Страница 94 из 97
— Вы не хотели убивать Эйдена? — удивляется Чарли. — Вы же в грудь ему целились.
— В плечо. Я вообще не хотела стрелять, но он не желал…
— Чего не желал?
— Не желал признаваться, что любит меня! — кричит Мэри. Визг сменяется птичьим клекотом, потом хрипом — даже слушать страшно.
— Врачи «скорой помощи» должны войти сюда, чтобы помочь Эйдену и Рут, — спокойно говорит Чарли. — Марта, вы ведь не станете им мешать?
— Марта мертва!
— Вы же не хотите их убивать, сами говорили…
— Что меня ждет, если сделаю, как вы просите?
— Тюрьма.

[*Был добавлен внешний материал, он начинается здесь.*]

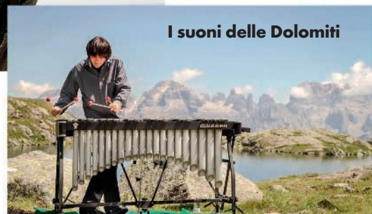
I suoni delle Dolomiti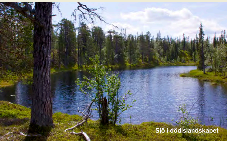
Sjö i dödislandskapet

I natursköna Jokkmokks kommun i Norrbotten ligger Ekopark Luottåive – barnnaturskogarnas och myrmarkernas ekopark. Här finns urskogslika skogar att uppleva, med höga naturvärden och många hotade arter. Orörda delar av skogslandskapet är trolskt vackra. De äldsta tallarna är mer än 500 år gamla, och granarna 300 år. Gammelgranarna är rikligt draperade med hänglav. I naturreservatet breder urskogen ut sig, och här står berget Luottåive 603 meter högt. Det har gett ekoparken sitt namn: "platsen långt bort". Ekoparken är rik på stora myrar och här kan du fylla bärhinken under en uppfriskande skogsdag. På tjärnen kan du njuta av fisketurer, mitt i vildmarkens stilla sus.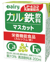
カル鉄飲料 マスカット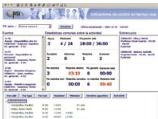
Indicadores de control en tiempo real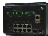
図 8 AX2530S-08TC1 (DC 電源モデル)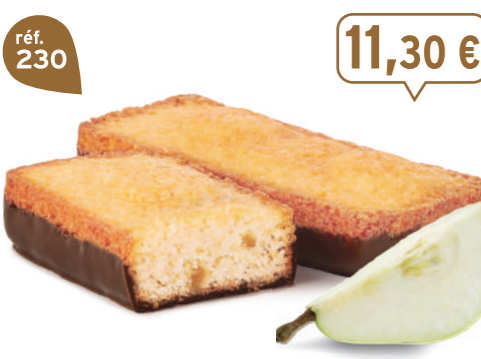
LINGOTS POIRE CHOCONOIR 25 emballages individuels - 675 g - 16,74 €/kg DDM* : 2 mois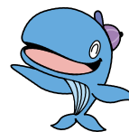
昭島市公式キャラクター アッキー

ウイルスが約100万個いたとして、石けんやハンドソープで10秒もみ洗い後に流水で15秒すすぐと、数十個までウイルスが減ります。それを2回繰り返すと、さらに数個にまで減るんだって！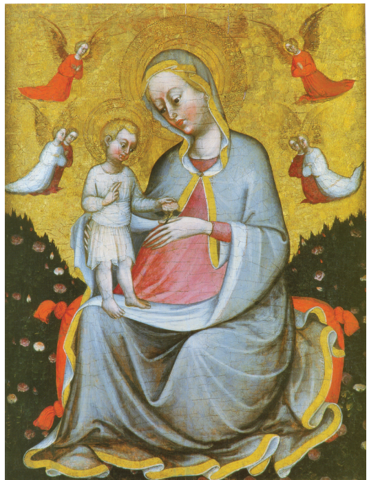
Blaž Jurjev Trogirin, (Trogir ?, oko 1412. – Zadar, oko 1448.) Gospa u ružičnjaku, prva polovica 15. stoljeća tempera na drvu, 133,5 x 103 cm, Trogir, Zbirka crkvene umjetnosti (gore: tijekom restauriranja, dolje: nakon restauriranja)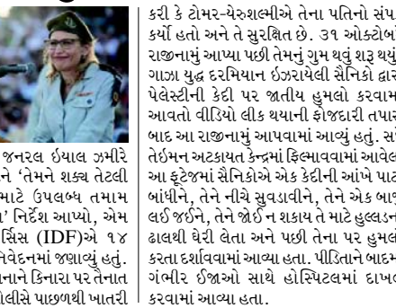
કરી કે ટોમર-યેરુશાલમીએ તેના પતિનો સંપર્ક કર્યો હતો અને તે સુરક્ષિત છે. ૩૧ ઓક્ટોબરે રાજીનામું આપ્યા પછી તેમનું ગુમ થવું શરૂ થયું. ગાઝા યુદ્ધ દરમિયાન ઈઝરાયેલી સૈનિકો દ્વારા પેલેસ્ટીની કેદી પર જાતીય હુમલો કરવામાં આવતો વીડિયો લીક થયાની ફાજદારી તપાસ બાદ આ રાજીનામું આપવામાં આવ્યું હતું. સંદે તેઈમન અટકાયત કેન્દ્રમાં ફિલાવવામાં આવેલા આ ફેટ્ગરમાં સૈનિકોએ એક કેદીની આંખે પાટા બાંધીને, તેને નીચે સુવડાવીને, તેને એક બાજુ લઈ જઈને, તેને જોઈ ન શકાય તે માટે હુલ્લાડના ઢાલથી ઘેરી લેતા અને પછી તેના પર હુમલો કરવા દર્શાવવામાં આવ્યાં હતાં. પીડિતાને બાદમાં ગંભીર જીઓ સાથે હોસ્પિટલમાં દાખલ કરવામાં આવ્યા હતા.

(એજન્સી) ઈઝરાયેલી લશ્કરના ટોચના વકીલ, મેજર જનરલ યિફત તોમર-યેરુશાલમી, જેમણે તાજેતરમાં પેલેસ્ટીની કેદી સાથેના બળાત્કાર કૌભાંડ બાદ રાજીનામું આપ્યું હતું, તેઓ ઘણા કલાકો સુધી ગુમ રહ્યા બાદ, રવિવાર, ૨ નવેમ્બરના રોજ સુરક્ષિત મળી આવ્યા હતા. ઈઝરાયેલી કોન્સ્ટ્રિક્ટિવ કોર્પોરેશન (KAN)ના જણાવ્યા અનુસાર, રવિવારે સવારે તેણી ગુમ થઈ ગઈ હતી, જ્યારે ઉત્તરી તેલ અવીવમાં હાટ્ટુક બીચ નજીક તેની કાર ત્યજ દેવામાં મળી આવી હતી, જેમાં આત્મહત્યાના ઈરાદા દર્શાવતી એક ચિઠ્ઠી પણ હતી. હાલની વીડિયો લીક થયા બાદ ઈઝરાયેલના ટોચના લશ્કરી ફરિયાદીએ રાજીનામું આપ્યું. જવાબમાં, ચીફ

Но в тюрьме вы сможете заниматься живописью. Или литературой, если угодно. Я позабочусь, чтобы вам создали условия, обещаю! Но сначала бросьте пистолет!
— А мои картины? Те, что на Мегсон-Кресент, что будет с ними?
Пауза. Какая долгая… Почему они молчат?
— Ничего, — наконец говорит Чарли. — Они дождутся вашего освобождения. Вас обязательно освободят, поверьте…
— На сколько меня посадят?
— Лет на пять, учитывая смягчающие обстоятельства.
— Врешь! Пять лет за убийство и два покушения? Давай честно! На сколько меня посадят?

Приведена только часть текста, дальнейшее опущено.